* Brief *
Among the lines of the listing below, retype exactly those from the one containing "Vici Ombré Gradient" through the one containing "在視察過程中,KAYZ尼方負", both included. Do not include pictures.

* Available data *
************

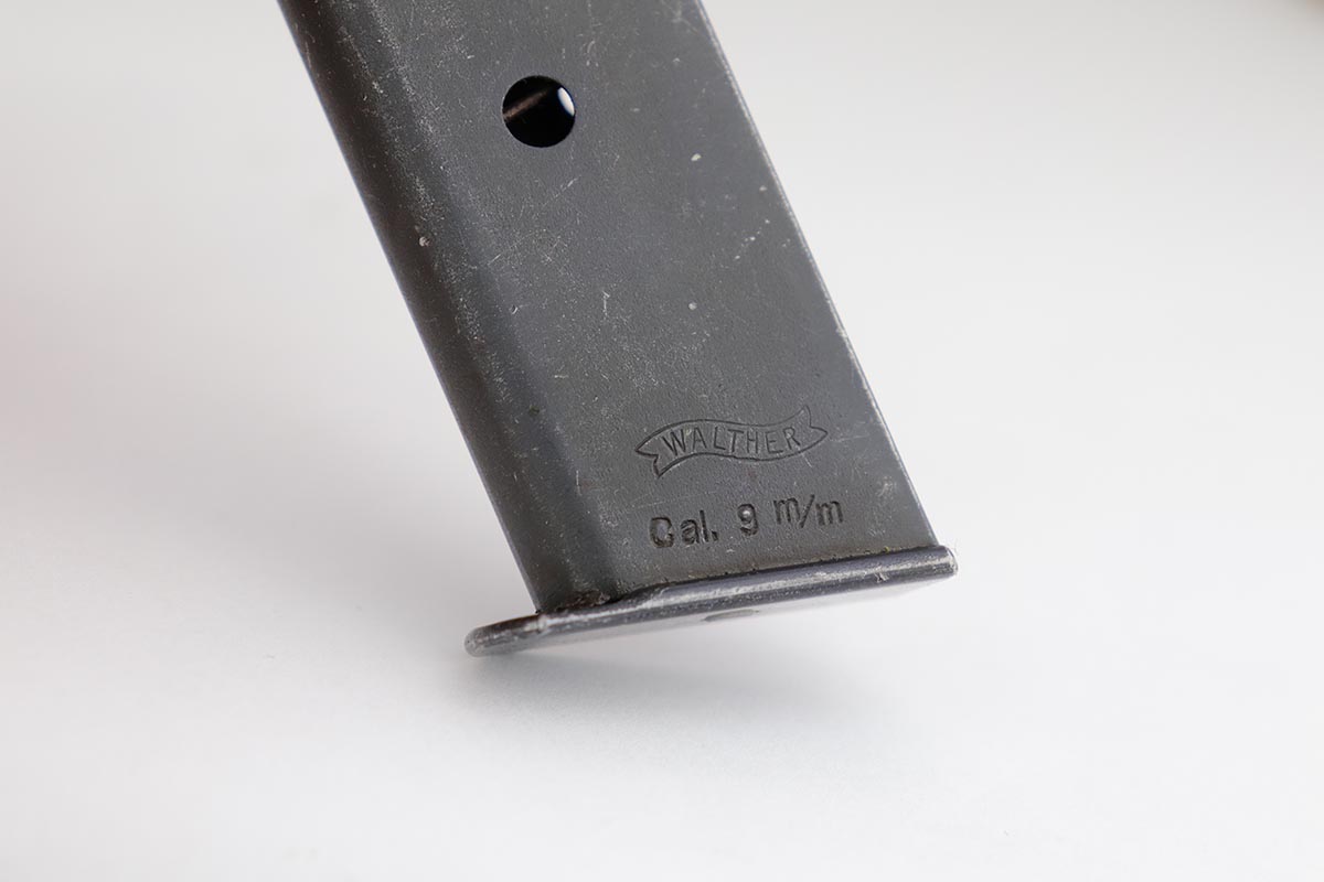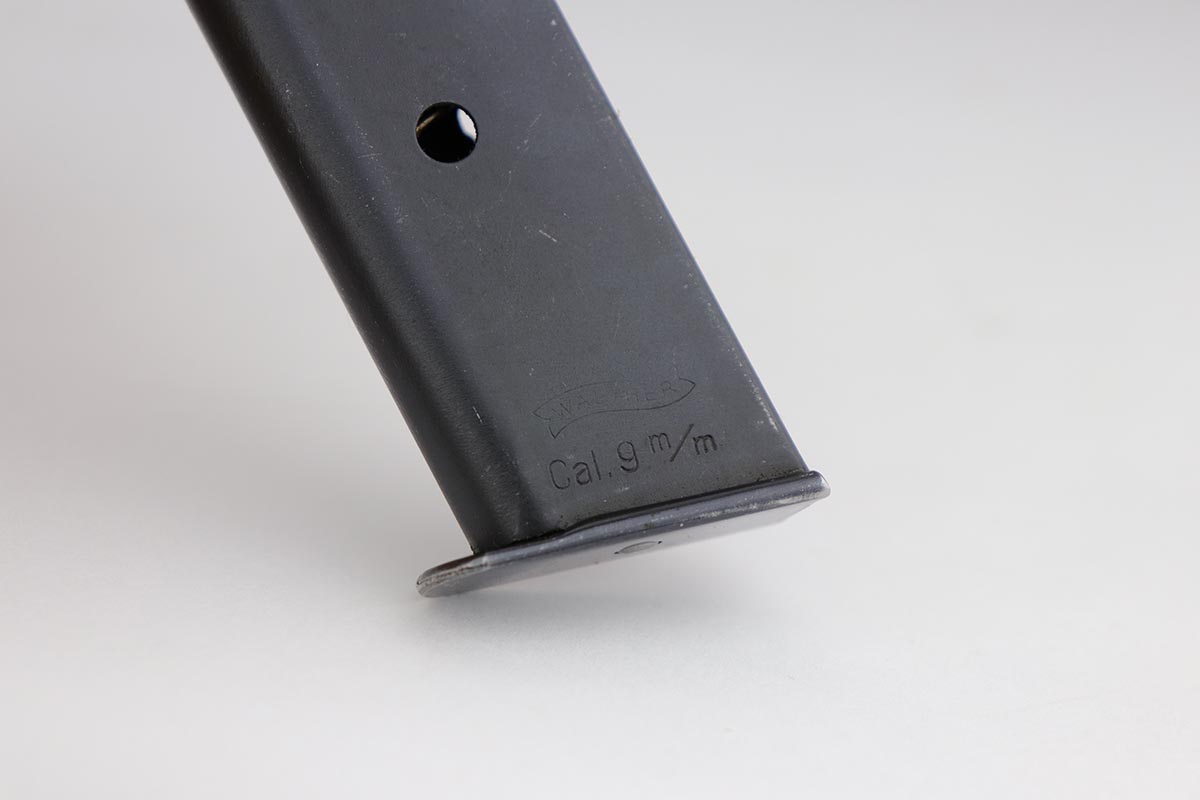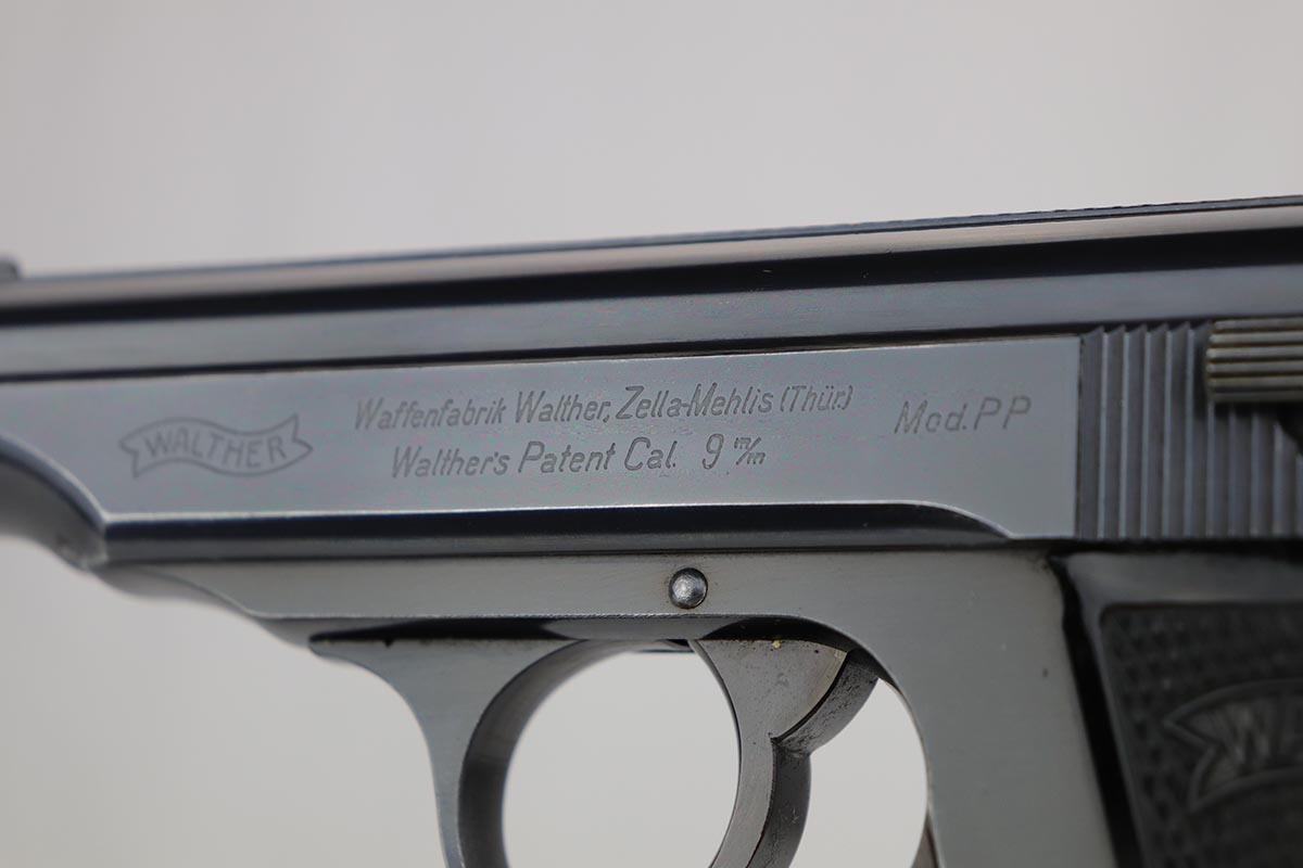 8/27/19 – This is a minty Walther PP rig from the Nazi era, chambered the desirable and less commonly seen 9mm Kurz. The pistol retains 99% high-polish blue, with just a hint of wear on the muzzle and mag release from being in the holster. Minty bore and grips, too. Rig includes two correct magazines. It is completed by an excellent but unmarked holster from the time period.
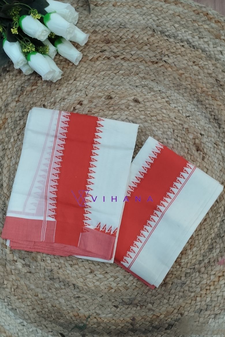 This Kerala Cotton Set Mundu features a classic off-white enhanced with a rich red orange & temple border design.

************

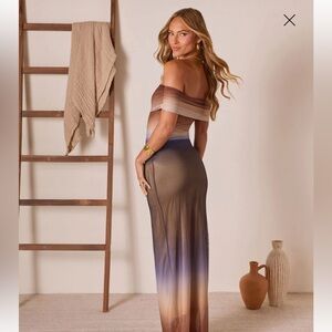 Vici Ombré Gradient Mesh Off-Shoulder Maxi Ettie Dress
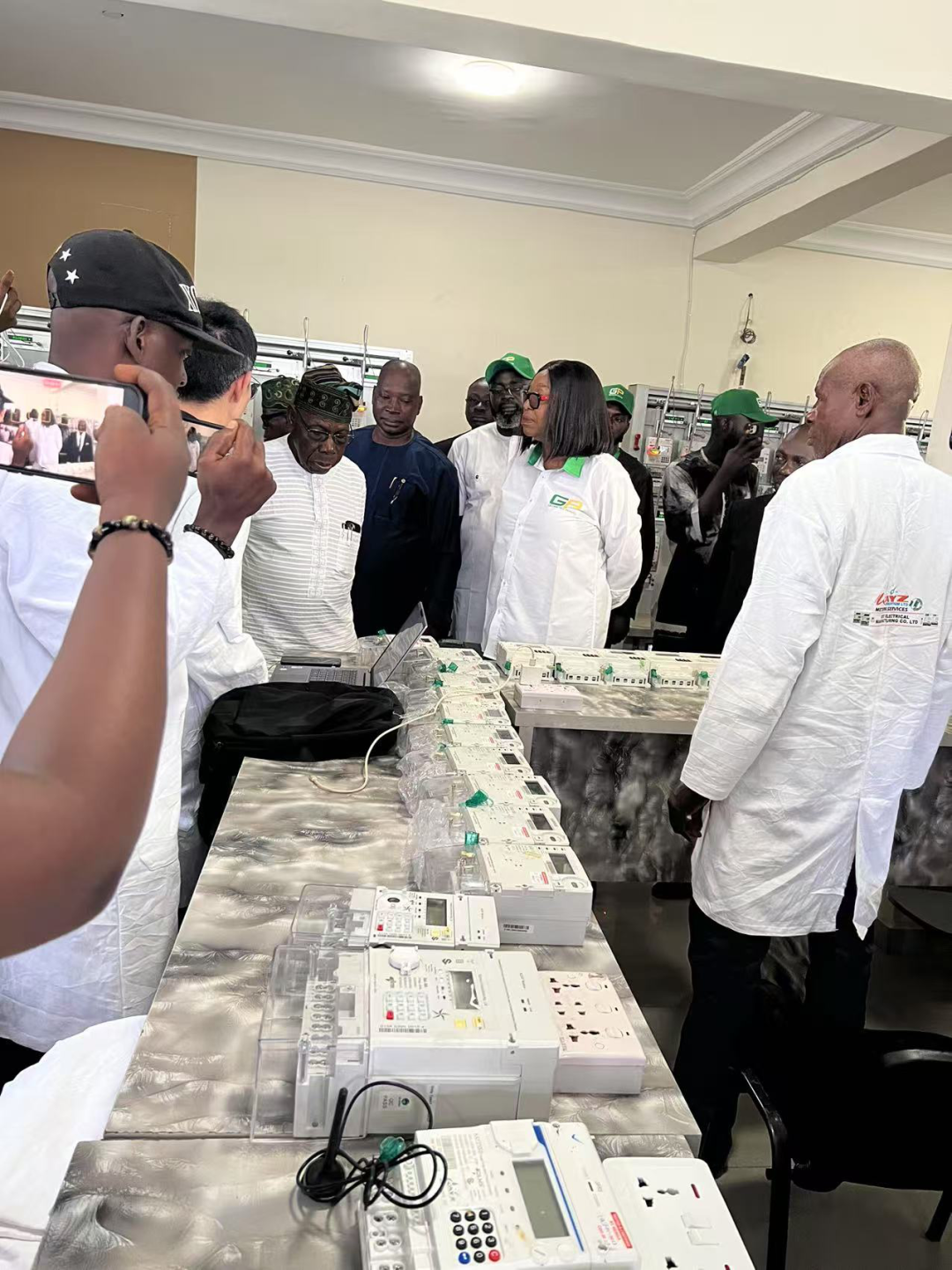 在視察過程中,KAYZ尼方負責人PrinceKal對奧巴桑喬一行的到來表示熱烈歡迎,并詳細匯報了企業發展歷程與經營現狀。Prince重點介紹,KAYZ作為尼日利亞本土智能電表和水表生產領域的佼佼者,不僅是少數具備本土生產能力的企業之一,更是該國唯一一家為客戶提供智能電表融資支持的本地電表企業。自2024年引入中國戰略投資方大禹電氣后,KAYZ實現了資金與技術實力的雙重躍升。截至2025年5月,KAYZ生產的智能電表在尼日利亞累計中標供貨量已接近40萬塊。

************

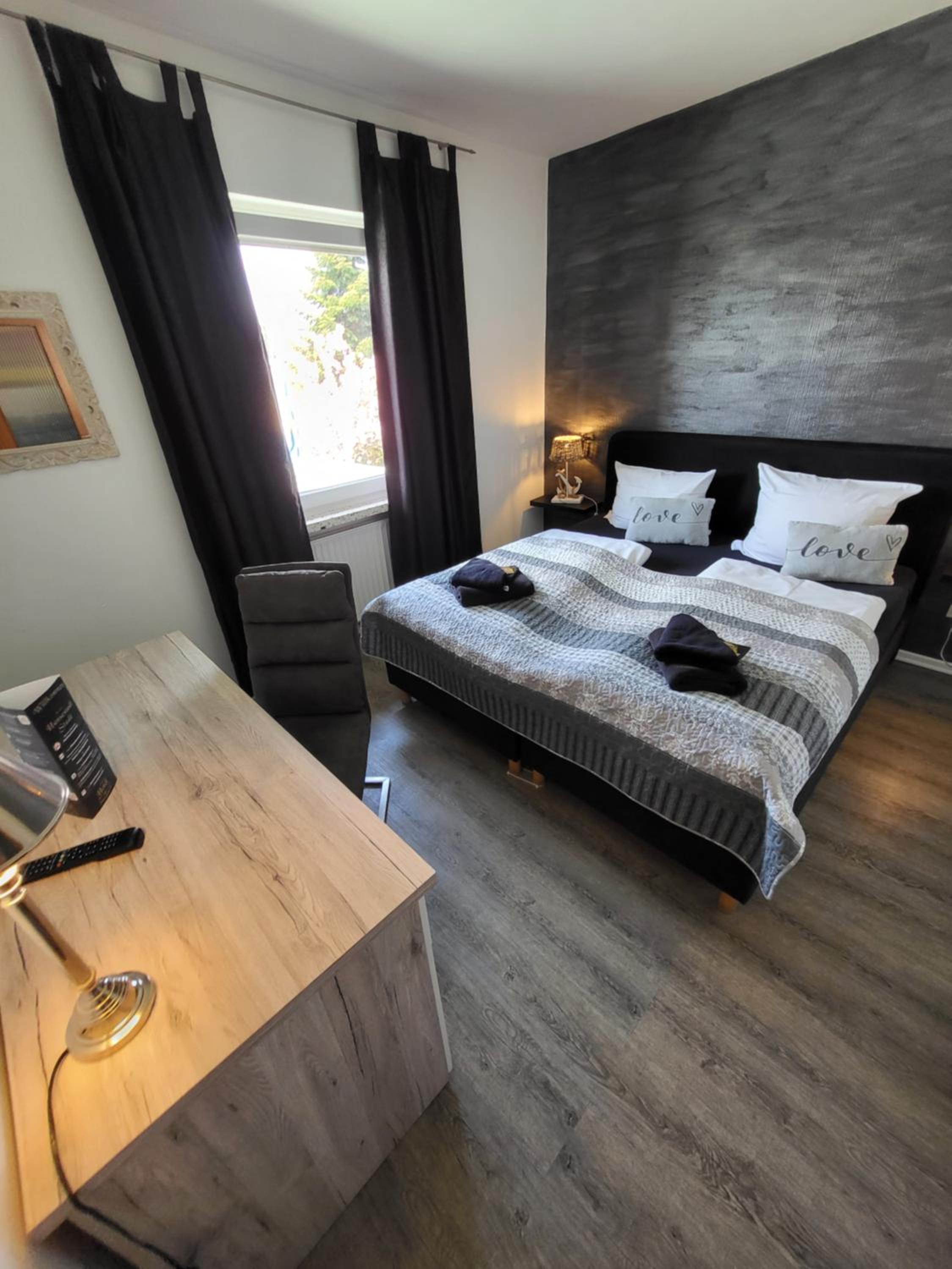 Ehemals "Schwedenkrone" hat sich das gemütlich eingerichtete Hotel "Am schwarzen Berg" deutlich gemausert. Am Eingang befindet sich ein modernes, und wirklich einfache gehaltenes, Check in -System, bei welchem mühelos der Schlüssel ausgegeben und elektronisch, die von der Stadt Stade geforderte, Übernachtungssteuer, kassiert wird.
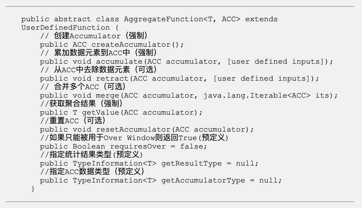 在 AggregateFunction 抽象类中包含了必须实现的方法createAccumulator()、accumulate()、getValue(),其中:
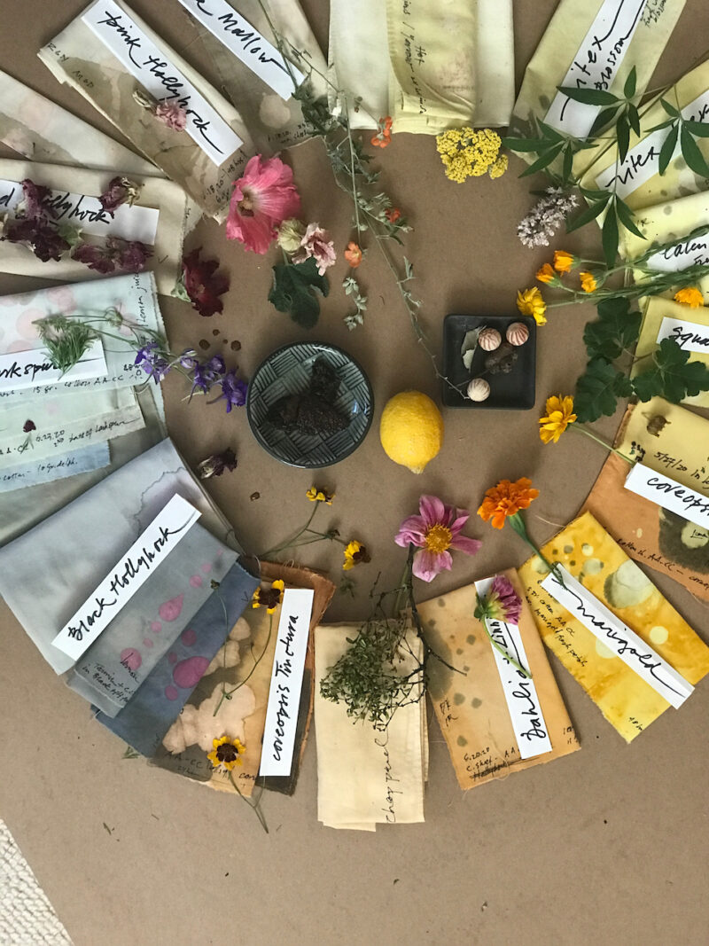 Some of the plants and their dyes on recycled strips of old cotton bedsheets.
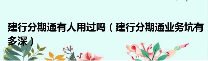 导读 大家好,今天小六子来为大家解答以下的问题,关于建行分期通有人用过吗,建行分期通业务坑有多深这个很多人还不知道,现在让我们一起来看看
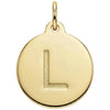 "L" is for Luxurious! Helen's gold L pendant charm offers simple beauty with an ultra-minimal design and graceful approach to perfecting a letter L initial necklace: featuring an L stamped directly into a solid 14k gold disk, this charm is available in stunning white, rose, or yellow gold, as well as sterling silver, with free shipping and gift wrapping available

************

* Expected answer *
 Vici Ombré Gradient Mesh Off-Shoulder Maxi Ettie Dress
 在視察過程中,KAYZ尼方負責人PrinceKal對奧巴桑喬一行的到來表示熱烈歡迎,并詳細匯報了企業發展歷程與經營現狀。Prince重點介紹,KAYZ作為尼日利亞本土智能電表和水表生產領域的佼佼者,不僅是少數具備本土生產能力的企業之一,更是該國唯一一家為客戶提供智能電表融資支持的本地電表企業。自2024年引入中國戰略投資方大禹電氣后,KAYZ實現了資金與技術實力的雙重躍升。截至2025年5月,KAYZ生產的智能電表在尼日利亞累計中標供貨量已接近40萬塊。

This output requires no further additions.